1. Justice and righteousness seem to refer to the flooding of the land with the judgement and righteousness of God.

This is God’s judgment coming in a flood because of their false worship, Isaiah 10:22.

2. The people are being called to replace their idolatrous worship with justice and righteousness.

The people had been guilty of idolatry from the time of their wilderness wanderings. They had not worshipped in the way God wanted them to.

Verse 26 has been a difficult verse for the translators. Various names are mentioned, which seem to be the names of idols.

RSV ‘Sakkuth Kaiman.’

AV ‘Moloch Chiun.’

NIV ‘Shrine of your king pedestal of your idols.’

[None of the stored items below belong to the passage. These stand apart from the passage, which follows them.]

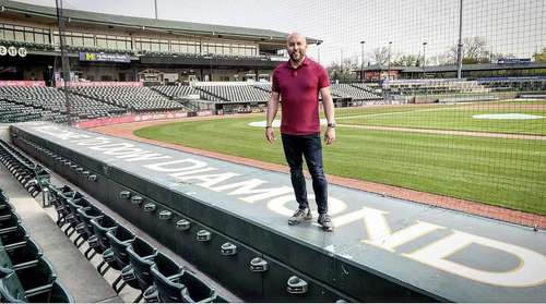 Sermon on the dugout: Life Church holding service at Dow Diamond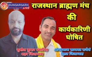 श्रीडूंगरगढ़ लाइव...07 मई 2023।बीकानेर/जयपुर 07 मई। राजस्थान ब्राह्मण महासभा के प्रदेशाध्यक्ष केशरीचंद शर्मा सरदारशहर द्वारा प्रदेश कार्यसमिति की घोषणा की...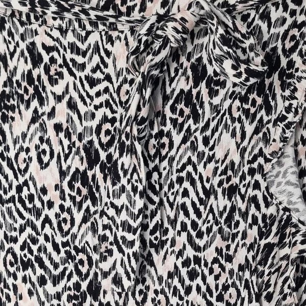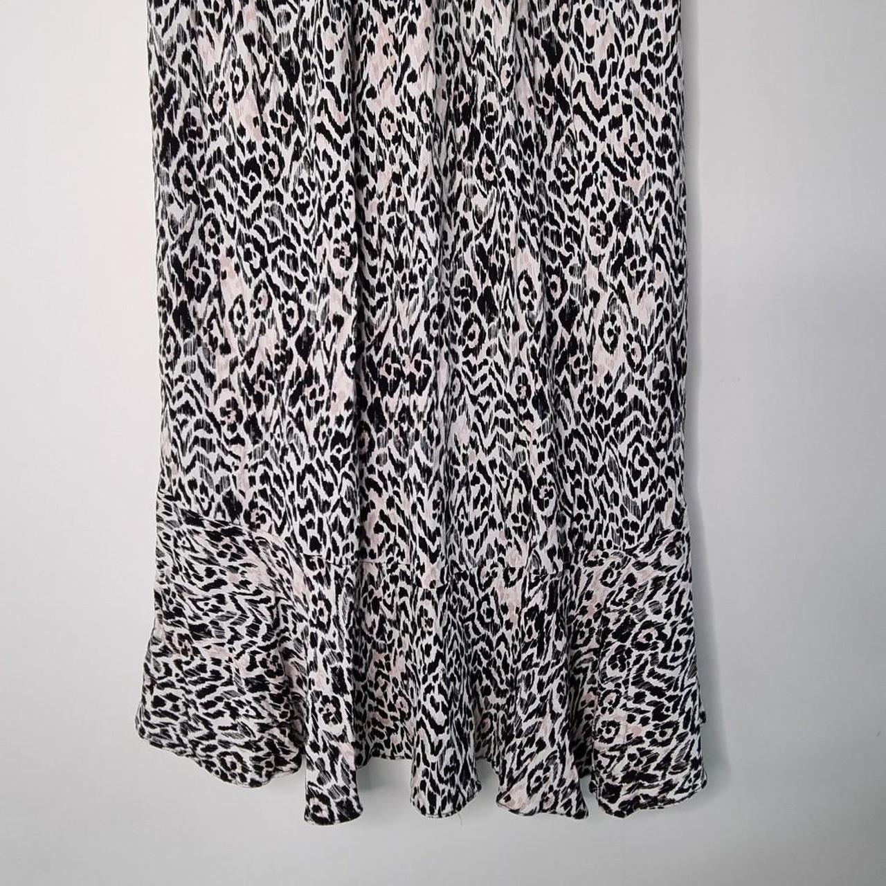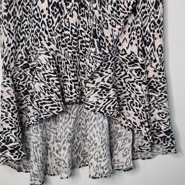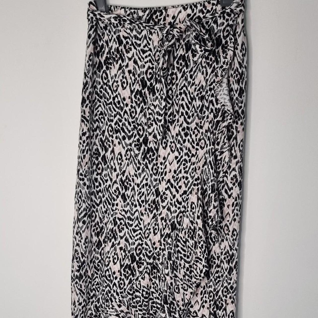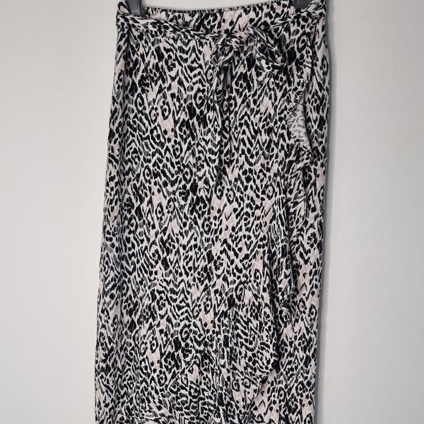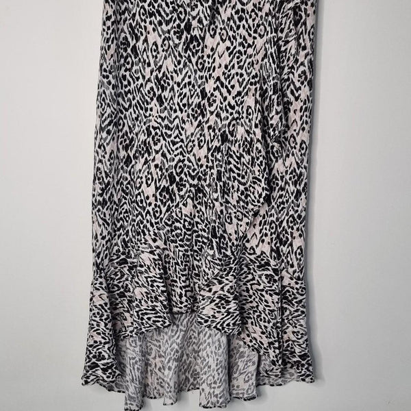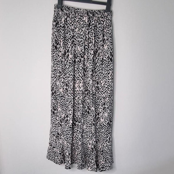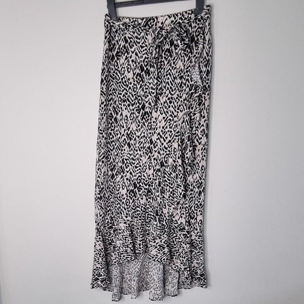 Decjuba Black and white leopard print midi skirt with ruffle hem. Elastic waist with tie.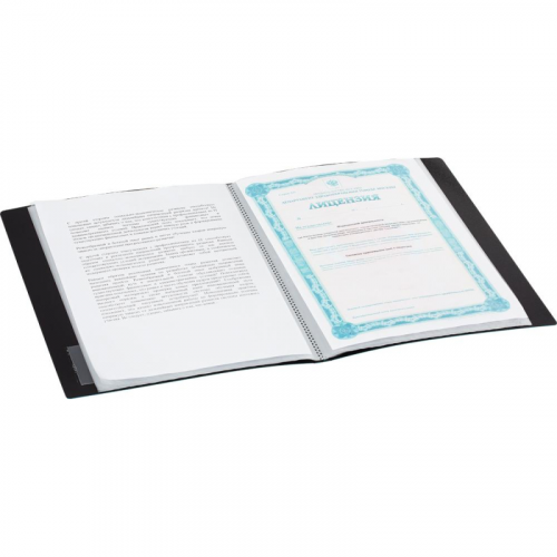 Папка с файлами Комус формата А4 изготовлена из полипропилена толщиной 0,8 мм двух цветов: голубого (внешняя поверхность) и черного (внутренняя поверхность). Имеет 20 несъемных прозрачных вкладышей для удобного хранения и демонстрации документов. В каждом из них можно разместить по два листа. Ширина корешка составляет 15 мм. Файловая папка дополнительно оснащена внутренним карманом для компакт-дисков и визитных карточек. Плотность файлов 30 мкм.

They all refer to the idolatry of Israel, idols which they had made for themselves. They had transferred worship that was due to God to these idols, Acts 7:42-43. All this idolatry will have consequences, they will go into exile beyond Damascus, which refers to Assyria.

Coffman, in his commentary, says the following.

‘The terrible consequences of rebellion against God grew steadily worse. Injustice, crime, and immorality of all degrees soon led to complete anarchy in the land. In 722-721 B.C., the ten tribes of the Northern Kingdom were subjugated by the Assyrian king and the people were deported to Assyria never to return as a nation.’